*** Opening of RECORDS FOR THIS TASK ***
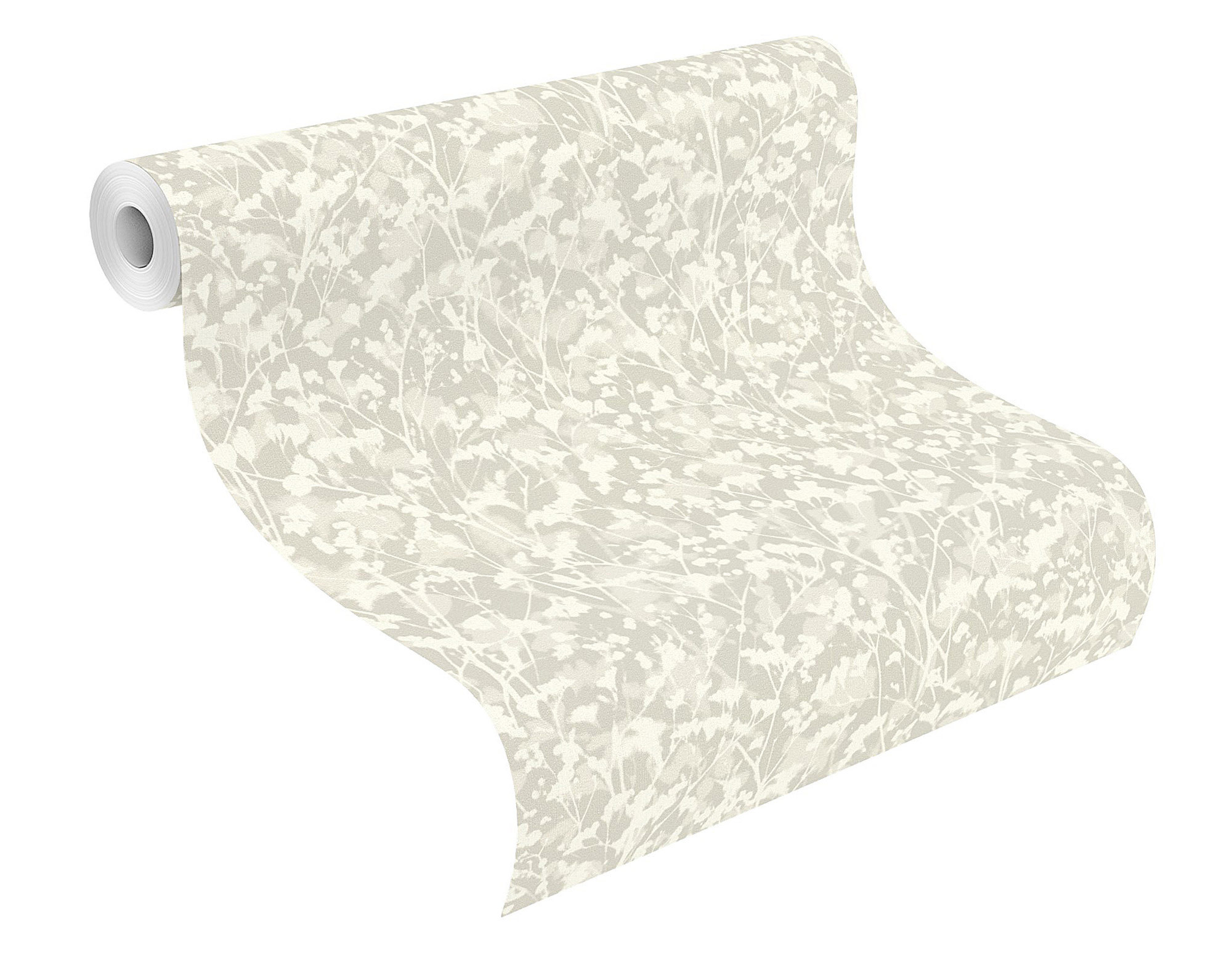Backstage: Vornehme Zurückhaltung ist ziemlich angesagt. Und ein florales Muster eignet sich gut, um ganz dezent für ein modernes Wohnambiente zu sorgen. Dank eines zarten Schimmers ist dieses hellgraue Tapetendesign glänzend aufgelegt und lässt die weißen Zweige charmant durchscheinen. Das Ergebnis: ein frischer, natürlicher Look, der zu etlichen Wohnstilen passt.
*** Close of RECORDS FOR THIS TASK ***
*** Opening of RECORDS FOR THIS TASK ***
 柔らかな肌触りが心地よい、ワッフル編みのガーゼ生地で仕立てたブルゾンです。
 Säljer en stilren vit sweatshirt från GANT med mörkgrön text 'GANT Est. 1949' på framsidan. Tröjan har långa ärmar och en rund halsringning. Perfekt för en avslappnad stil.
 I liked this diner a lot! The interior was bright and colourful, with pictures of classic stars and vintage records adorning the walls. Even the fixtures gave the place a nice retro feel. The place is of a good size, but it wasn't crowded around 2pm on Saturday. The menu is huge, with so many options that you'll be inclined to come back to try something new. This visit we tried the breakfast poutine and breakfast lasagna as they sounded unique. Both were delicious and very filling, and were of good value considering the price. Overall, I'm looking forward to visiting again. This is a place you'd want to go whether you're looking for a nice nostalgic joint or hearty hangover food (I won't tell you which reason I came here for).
*** Close of RECORDS FOR THIS TASK ***
*** Opening of RECORDS FOR THIS TASK ***
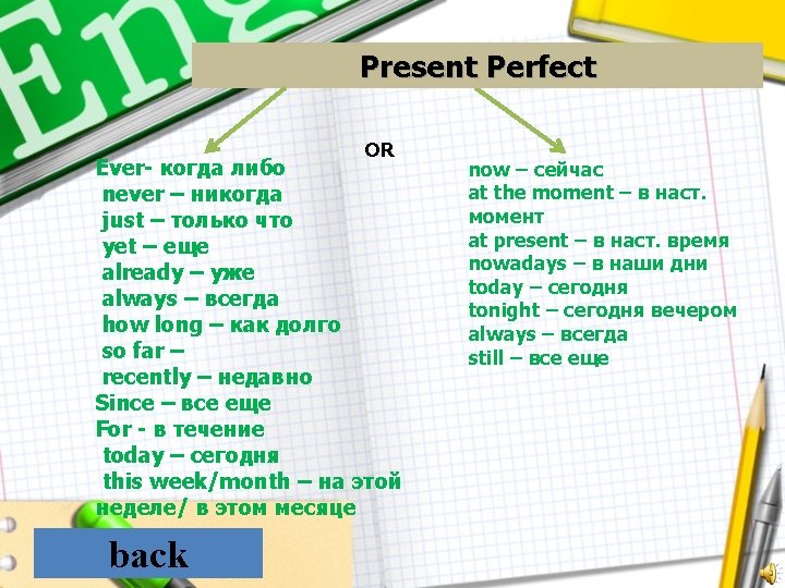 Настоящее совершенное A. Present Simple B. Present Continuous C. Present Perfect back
*** Close of RECORDS FOR THIS TASK ***
Above are the records; print exactly the lines from the line with "柔らかな肌触りが心地よい、ワッフル編みのガーゼ生地で仕立てたブルゾンです。" to the line with "Säljer en stilren", including both, and nothing else.

EXERCISE OUTPUT ->
 柔らかな肌触りが心地よい、ワッフル編みのガーゼ生地で仕立てたブルゾンです。
 Säljer en stilren vit sweatshirt från GANT med mörkgrön text 'GANT Est. 1949' på framsidan. Tröjan har långa ärmar och en rund halsringning. Perfekt för en avslappnad stil.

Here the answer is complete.